[FRIAM] A longer response to Dave's question

uǝlƃ ☣ gepropella at gmail.com
Mon Feb 24 15:17:07 EST 2020


Those clinical trials *are* targeting lessons that can be learned/applied about/within sober life. Plus, it's naive to even disjointly separate sober life from drunken life ... any more than it would be to separate, say, Ca+-deficient life from Ca+ life. Alcohol (and opiates) is used by humans similarly to the way many animals use mind-altering substances. This sober-drunk dichotomy you're assuming is paper thin, if it exists at all.

It's almost as if you're saying that, for example, depressed people should just buck up, smile more, and behave like non-depressed people. This is why we have a "disease model of alcoholism" (with which I *disagree* but *support*) ... because for so long, what it seems like you're calling Apollonians argued that alcoholism is a *moral* failing. That disease model would not be necessary if we would simply abandon the false sober-drunk dichotomy.  Maybe we extend it to those of us with cancer. If we just had the right attitude, maybe we wouldn't have gotten cancer? I don't know. It just seems that your argument is kinda weird.

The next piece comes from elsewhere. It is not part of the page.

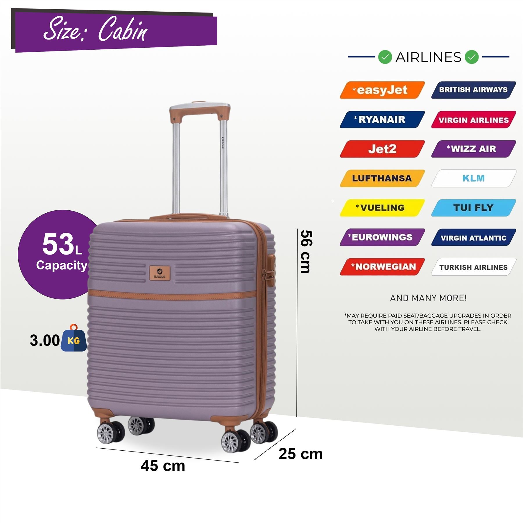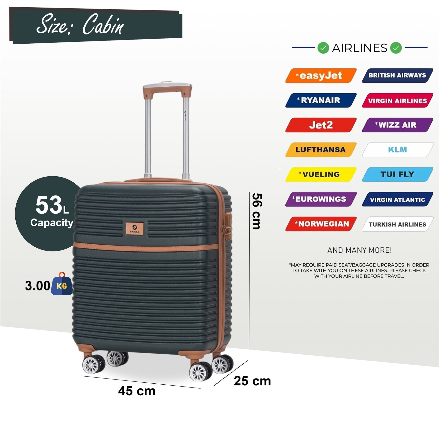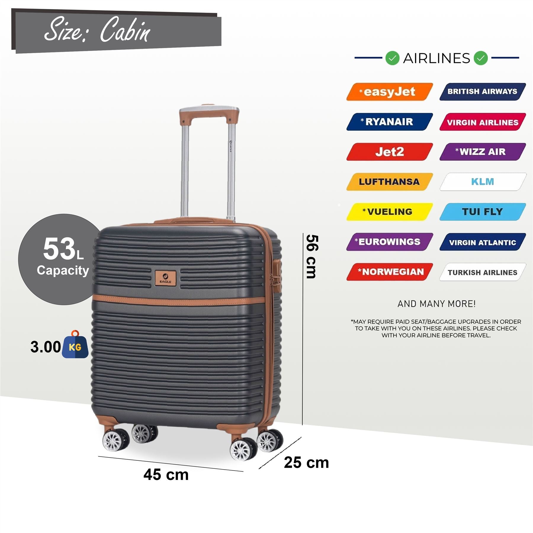 Strong ABS Hardshell Cabin Suitcase 56 x 45 x 25 cm Luggage Suitable for British Airways

On 2/24/20 11:58 AM, thompnickson2 at gmail.com wrote:
> I don't think Eric is talking about the reliability of what happens when one get's drunk;  I think he is talking about the applicability of lessons one might learn while being drunk to life when one is NOT drunk.  I suppose one might ask why am I privileging sobriety?  Isn't it also the case that the lessons I learn while NOT drunk have limited applicability to life while drunk? Why not focus on that?